Hovering over a sensor in the scatter plots will automatically highlight the sensor in all plots. It will also show the sensor’s raw measurements on a functional box-plot. With this display, we can visually identify several anomalous sensors (104, 142, 161, 182) and investigate the nature of the anomaly, with the functional box-plot.
# Explore data with default set of univariate scores
MultiNav(data, type = "scores", xlbl="Date id")
3.2 Evaluate Multivariate Scoring Methods
The following scoring methods, collectively called “multivariate”, first estimate the correlations within the data (all the data as a single window) and then compute an anomaly score per each sensor. One may think of multivariate scores, as “second order” scores, because they are based on estimate of the correlation between periods.
We propose various methods for computing correlations, and scores. Readers familiar with the multivariate testing literature, will recognize that our various multivariate scores are mostly variations on Hotelling’s classic \(T^2\) statistic. The appropriate method depends on the size of the window, the number of sensors, and the empirical correlations in the data. For this reason, we do not recommend a-priori a single method, but rather, supply the user various such scoring rules.
First, we will examine anomaly scores from a 72 hours window.
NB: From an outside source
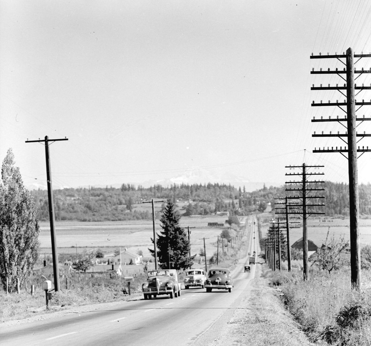 Donn Williams snapped this photograph in 1949. It shows several cars on an unnamed highway near Langley. If you squint at the horizon, you can see Mt. Baker in the distance.

As pre-processing step, before calculating the anomalies, it is required to remove from the dataset all hours where the standard deviation equals 0. We will do so with MultiNav
utility function extract_sd0
.
mat<-data[49:120,] # subset last 72 hours
mat<-extract_sd0(mat) # Remove rows and column with 0 standard deviation
## 6 rows with 0 standard deviation were omitted.
‘MultiNav’ provides two default multivariate anomaly scores sets. The first set contains variations of Hotelling’s classic \(T^2\), calculated using various robust estimators for multivariate location and covariance:
T2_MCD50 - (minimum covariance determinant) estimator. The MCD method looks for the h observations (out of n) whose classical covariance matrix has the lowest possible determinant. In this variation h =0.5*n.
T2_MCD75 - Another variation based on MCD estimator, same as T2_MCD50 with h=0.75*n.
T2_CrouxOllerer - Adaptive method designed to be both robust, and adaptive to high-dimension.
T2_SrivastavaDu - The method is based on assumption of variable independence, useful specifically in super high dimension situations.
set.seed(1236)
MultiNav(mat,type = "scores", scores = "T2_Variations", xlbl="Date id")
Using the “scores” display we can review the sensors that received high score in one of the methods and compare with the scores that the sensor received from the other methods. This way we can learn more about the performance of each method:
T2_CrouxOllerer score had great potential: being designed to be both robust, and adaptive to high-dimension. Alas, in our specific example, it is a poor performer. We suspect this is due to the nature of our data which mostly exhibits very high correlations (above 0.8). Our tests show that the T2_co score performs well in datasets with lower correlation levels.
T2_MCD50 and T2_MCD75 seem to bring similar results, but there are some differences. For instance sensor 142 receives anomalous score only in T2_MCD50 method. In general if there are many outliers in the data set, we may trust more the T2_MCD50 scores.
T2_SrivastavaDu method seems to identify well the anomalies but in general provides lower scores and does not seem to separate the anomalies as cleanly as the robust MCD methods.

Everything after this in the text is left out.